Question

The perimeter of a right triangle is 23cm. if its hypotenuse is 10cm, find its area.

Answer 1

Hint:
From the question perimeter of the triangle is given that is 24cm from this we can derive relation between a and b then. After that it is well know that ${\left( {hypotenuse} \right)^2} = {\left( {base} \right)^2} + {\left( {perpendicular} \right)^2}$ and then we can find the sides of triangle.
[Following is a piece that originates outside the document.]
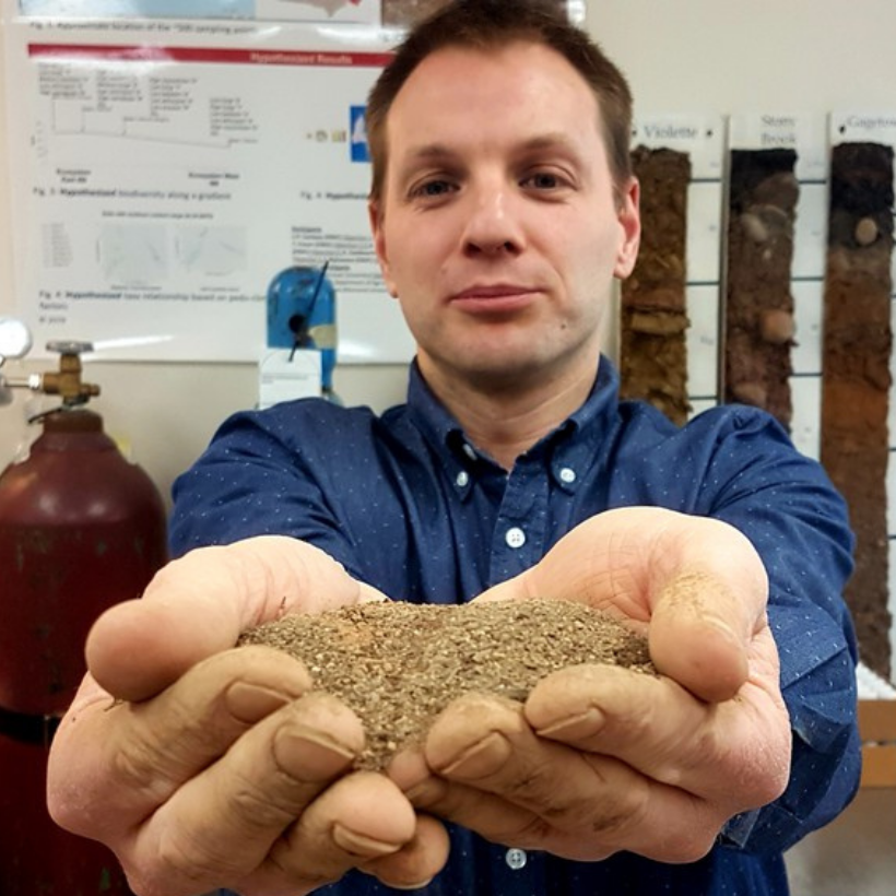 Dr Louis-Pierre Comeau est un scientifique chercheur au sein du gouvernement fédéral du Canada. Ses recherches portent sur le paysage et le carbone des sols. Plus précisément, il étudie les moyens de reconstituer la matière organique des sols agricoles et forestiers.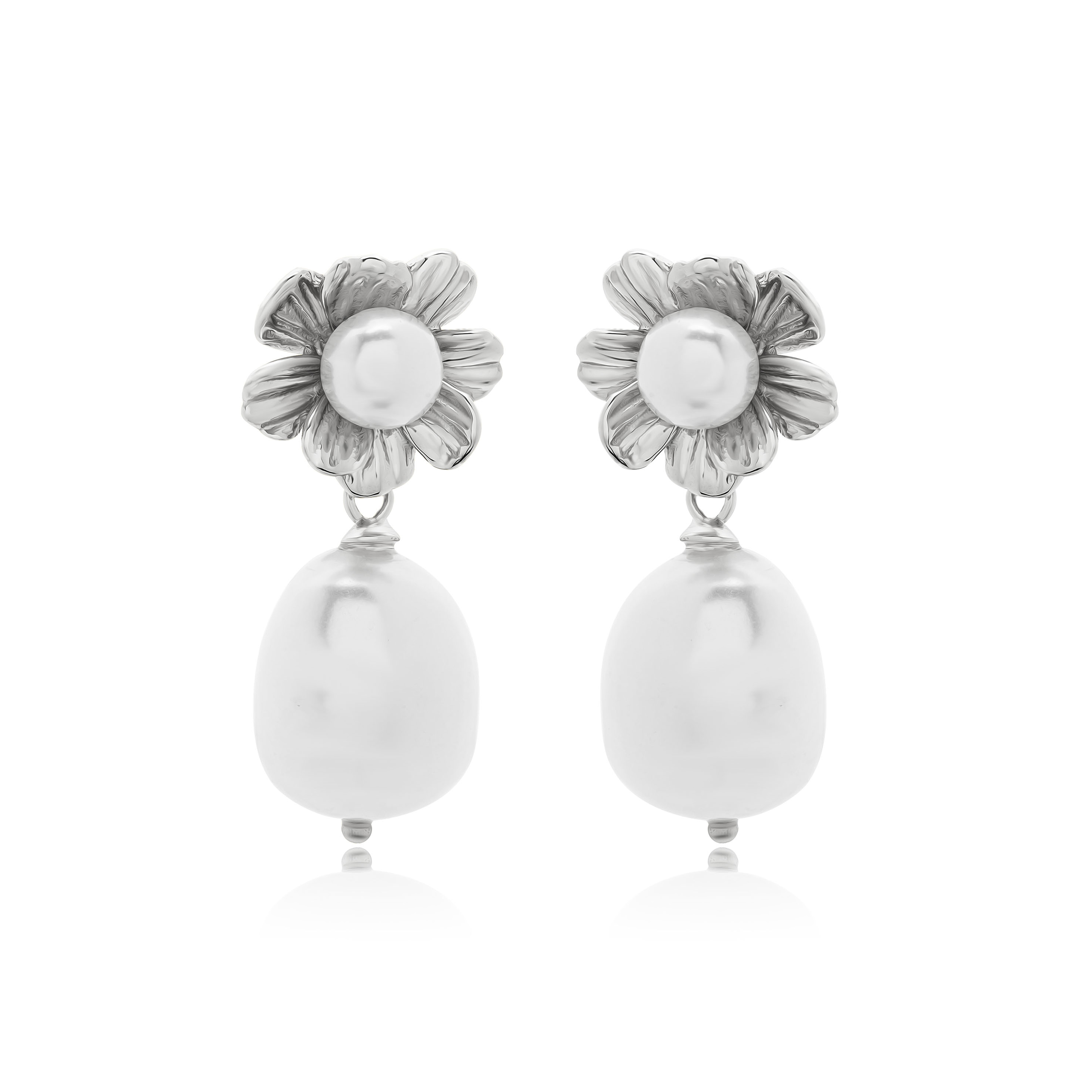 Σκουλαρίκια ασημένια σε σχέδιο καρφωτό κρεμαστό με μαργαριτάρι.

Hence, we can calculate the area of the triangle $\dfrac{1}{2} \times altitude \times base$.

Complete step by step solution:

In right $\Delta ABC$ AC=10cm AB=b and BC=a
Perimeter of triangle is 24cm
$ \Rightarrow a + b + 10 = 24$
 $ \Rightarrow a + b = 14$
Therefore, $b = 14 - a$
Since it is right angled triangle so
${\left( {hypotenuse} \right)^2} = {\left( {base} \right)^2} + {\left( {perpendicular} \right)^2}$
${\left( {AC} \right)^2} = {\left( {AB} \right)^2} + {\left( {BC} \right)^2}$
$ \Rightarrow {\left( {10} \right)^2} = {\left( b \right)^2} + {\left( a \right)^2}$
Substituting $b = 14 - a$
\[ \Rightarrow 100 = {\left( {14 - a} \right)^2} + {\left( a \right)^2}\]
$ \Rightarrow 2{a^2} - 28a + 96 = 0$
$ \Rightarrow {a^2} - 14a + 48 = 0$
Now, using factorization method
$ \Rightarrow {a^2} - 6a - 8a + 48 = 0$
$ \Rightarrow a\left( {a - 6} \right) - 8\left( {a - 6} \right) = 0$
Taking common $\left( {a - 6} \right)$
$ \Rightarrow \left( {a - 6} \right)\left( {a - 8} \right) = 0$
If $\left( {a - 6} \right) = 0$, then $a = 6cm$
And if $\left( {a - 8} \right) = 0$ then $a = 8cm$
Then value of b= 8cm, 6cm
Now area of $\Delta ABC$ is $\dfrac{1}{2} \times altitude \times base$ where base = 8cm and altitude=6cm
Area =$\dfrac{1}{2} \times 6 \times 8c{m^2}$

Area=$24c{m^2}$

Note:
1) Sum of all the sides is called perimeter.
2) In right-angled triangle ${\left( {hypotenuse} \right)^2} = {\left( {base} \right)^2} + {\left( {perpendicular} \right)^2}$.
3) Area of the triangle is $\dfrac{1}{2} \times altitude \times base$.
4) Never forget to mention units of the quantity.